Tips for doing paperwork in your squad
We were deeply saddened to learn of the recent loss of a Canadian brother. Our heartfelt condolences go out to his family, friends and his fellow officers. We extend our gratitude to the four paramedics who had the courage to, at great risk to themselves, immediately jump to action in an effort to try and help Constable Czapnik. Their bravery is admirable and reflective of the kind of dedication and selflessness demonstrated by the best of the best in the broad family of “first responders.”
Although we have not had an opportunity to confirm the exact details of this tragic incident beyond news reports, we felt it important to share a few general officer safety reminders relative to the type of scenario in which this terrible attack occurred. Please note that although the following points may not have had specific relevance to the incident that cost the life of Constable Czapmik, please keep them in mind as important foundational concepts that can play a crucial role in your safety and survival.
Consider where you park.
If it’s within your control, try to select an area where you can easily see someone approaching your squad. An ideal situation would be one where you’re able to back into a spot that doesn’t allow for someone to approach you from behind.
Also, refrain from doing paperwork or otherwise sitting idle close to the scene of a call where subjects you’ve had contact with can quickly locate and approach you.

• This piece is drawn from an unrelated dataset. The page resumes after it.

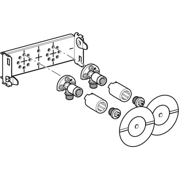 zum Einbau in GIS Tragsysteme für Vorwand, Trennwand oder frei stehende Wand, zum Anschließen von AP-Armaturen mit Stichmaß 10 cm, im GIS Tragwerk stufenlos höhenverstellbar, Traverse verzinkt, mit zwei Schnellbefestigungen, Abdichtscheibe selbstklebend und vliesbeschichtet, Schutzstopfen für Druckprüfung mit Kaltwasser bis max. 15 bar/1500 kPa, bestehend aus 2x Anschlusswinkel Rp 1/2-R 1/2, MeplaFix-fähig, 2x Schalldämmunterlagen, 2x Dämmhülsen, 2x Schutz- und Markierstopfen, 2x Abdichtscheiben und Befestigungsmaterial
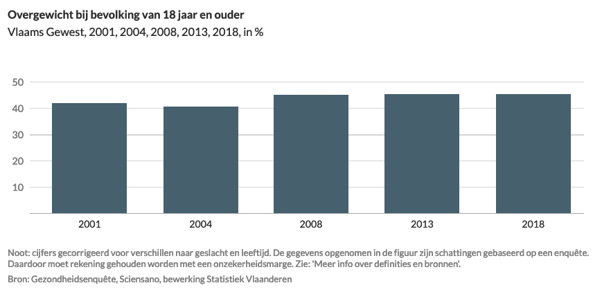 In 2018 had 45% van de volwassenen overgewicht. Het gaat om personen met een Body Mass Index van 25 of meer. Bij 15% ging het om zwaarlijvigheid. Dat percentage bleef de voorbije 10 jaar vrij stabiel.

Move away from the scene to complete your paperwork.
Lastly, although seemingly obvious, pick a spot that you know from experience to be relatively safe and protected if you’re able.
Watch your interior lighting.
At night, interior lighting in your squad can be a major officer safety factor. It’s best to avoid a bright white bulb in your dome light. Not only does this kind of sharp lighting fully illuminate you and the interior of your vehicle, but it can make it very difficult to see out your windows and can seriously compromise your night vision.

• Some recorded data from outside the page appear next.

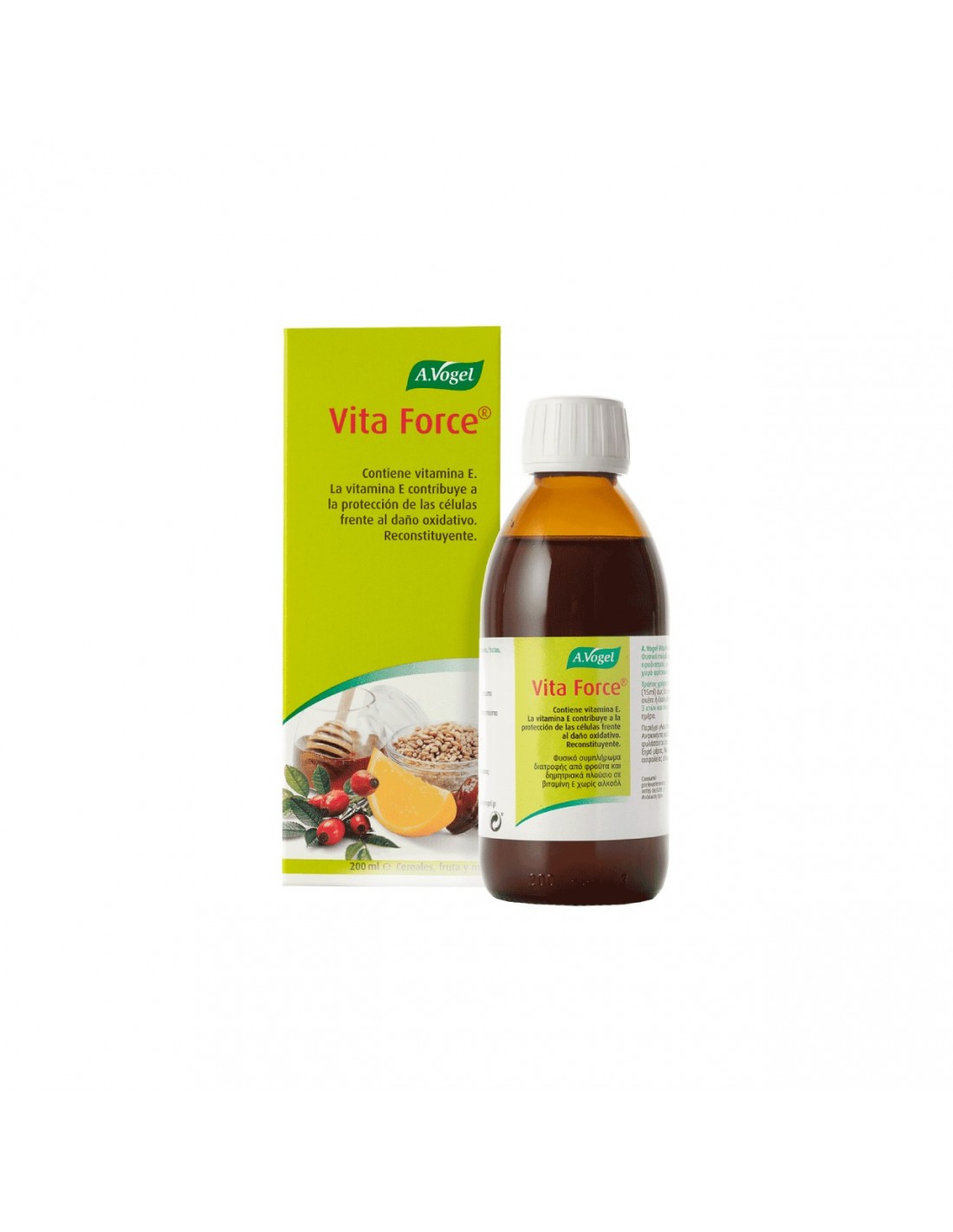 Vitaforce Jarabe 200ml A. Vogel. Es un concentrado natural de frutas y cereales ricos en vitaminas. Su equilibrada fórmula a base de cereales, frutas, levadura de cerveza, polen y miel, aporta al organismo la vitalidad que el cuerpo necesita.
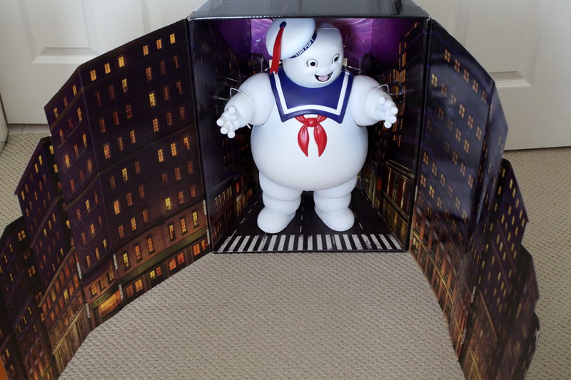 The massive package that Stay Puft comes in resembles a large carrying case, complete with handle for easy transport. On the box is Matty’s big face and the words:
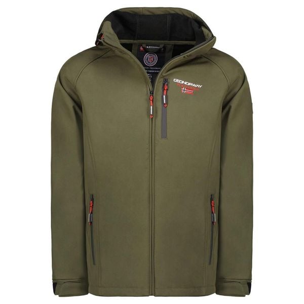 Geographical Norway ROYAUTE - softshell męski khaki z pomarańczowymi akcentami.
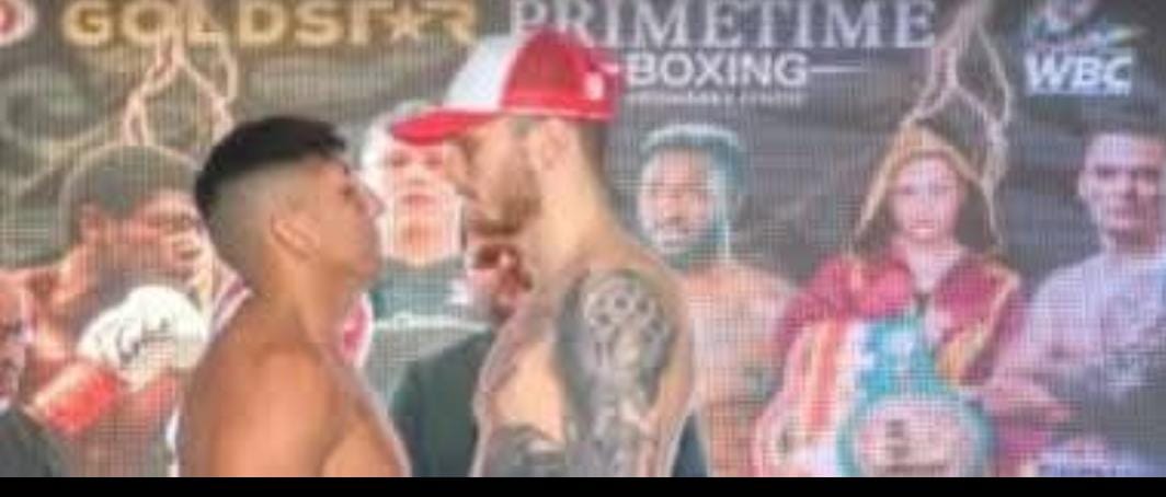 Unica foto oficial: cara a cara en el pesaje previo a la pelea
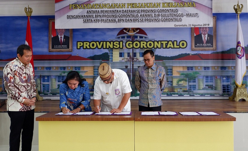 Dalam rangka optimalisasi pemungutan pajak pusat dan pajak daerah, dilaksanakan penandatanganan Perjanjian Kerja Sama antara Kanwil DJP Suluttenggomalut dengan Pemerintah Provinsi/Kabupaten/Kota di wilayah Provinsi Gorontalo (Kamis, 22/8).

There are a number of options you can use to filter or otherwise diminish the level of intensity of your interior lighting without inhibiting your ability to see; things like using a red or amber bulb in your dome light, using heat resistant paint to coat the interior of your dome light cover, inserting a heat resistant gel sheet, cut to size, inside your dome cover, etc.

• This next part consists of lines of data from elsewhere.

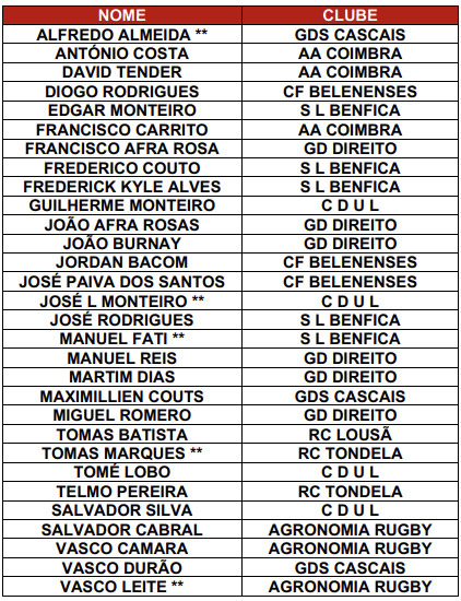 1.ª Convocatória Seleção Nacional de Sevens Masculina
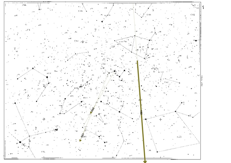 ich habe mal versucht, den Radianten der Feuerkugel zu bestimmen. Dazu habe ich die Azimut/Höhe-Daten von Rene von der IMO-Feuerkugelseite verwendet und das Bild von Hermann (hier stimmt etwas mit dem Azimut nicht, so dass ich auf das Bild zurückgreifen musste). Es zeichnet sich ein recht präziser Radiant (bei Chi Dra) ab! Aufgrund der Länge und der Zeitdauer der Erscheinung konnte ich die Richtung recht gut erfassen – und die passt bestens zum Schnittpunkt der beiden fotografischen Daten (die ihrerseits evtl. noch genauer ausgewertet werden können).  Leider helfen die restlichen
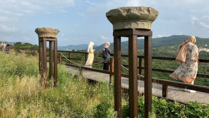 Kentin en gözde beldesi olan Filyos'a tepeden hakim olan antik kent, adeta beldenin balkonu haline geldi. Hafta sonları antik kentin yolunu tutan ziyaretçiler, pandemi dolayısıyla maske ve mesafe kurallarına uyarak ziyaretlerini gerçekleştiriyor. Girişte önce kentin tarihi hakkında bilgi edinen ziyaretçiler, kazılardan elde edilen eserleri inceleme fırsatını yaşıyor. Kazıların ortasından geçen ahşap yoldan ilerleyen ziyaretçiler, teras tabir edilen bölüme gelerek burada hem anı ölümsüzleştiriyor hem de turistik beldeyi tepeden izliyor.
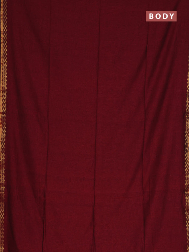 Bengal soft cotton saree maroon and mustard yellow with plain body and zari woven border
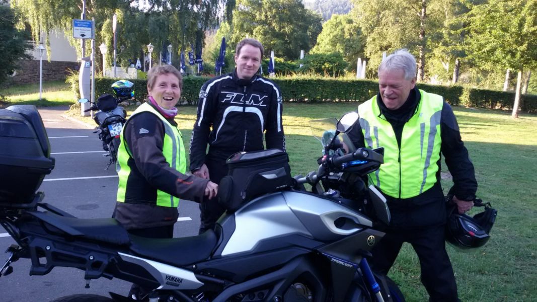 Am Freitag um 9:00 Uhr machten sich 15 Motorradfreunde auf den Weg in die Eifel, in Mainhardt kamen 5 Weitere hinzu. Das erste Ziel war die Moonlight Ranch bei Eppingen, wo 3 Weitere auf uns warteten. Als bei Großbottwar der Tourguide merkte, dass er die Schwarzwald-Tour im Navi hatte, hat kurzerhand Dieter die Truppe zur Ranch geführt. Mit 1h Verspätung ging es dann los. Sinsheim, Autobahn A61 zum Hunsrück zur Mittagspause. In Maria Laach sind wir zum See, (Maar) zu einer Kaffeepause abgefahren. Von dort durch die Eifel mit Kurven ohne Ende zum Hotel Seemöwe in Einruhr. Zimmer, Frühstück und Abendessen toll.

Try to work in an upright position.
Whenever possible, it’s best to try to use your steering wheel as a platform for positioning your clipboard and paperwork as opposed to keeping them in your lap or laying them across an arm rest or other low position that requires you to look down for prolonged periods of time. Positioning your clipboard at the level of the steering wheel will allow you to sufficiently read and write while maintaining the ability to quickly and easily glance up to look through the windshield. This positioning also allows you to spot approaching people in your peripheral vision much faster than if you were looking down.
Remember to glance.
When you’re sitting in your squad focusing on paperwork or something other than the exterior atmosphere, make it a point to frequently glance up and around, through the windshield, into the main rear view mirror and into each side mirror. If you’re in a location where vehicles are passing by you from the front, try not to catch a direct blast of approaching headlights in the eye. This can throw off your night vision.
Keep your car running.
If you need to get out of the area quickly, not having to take the extra step of starting your car can save you precious seconds.
Try to avoid sitting in one area for a prolonged period of time. If you’ve got a lot of paperwork to complete, intermittently move to different locations.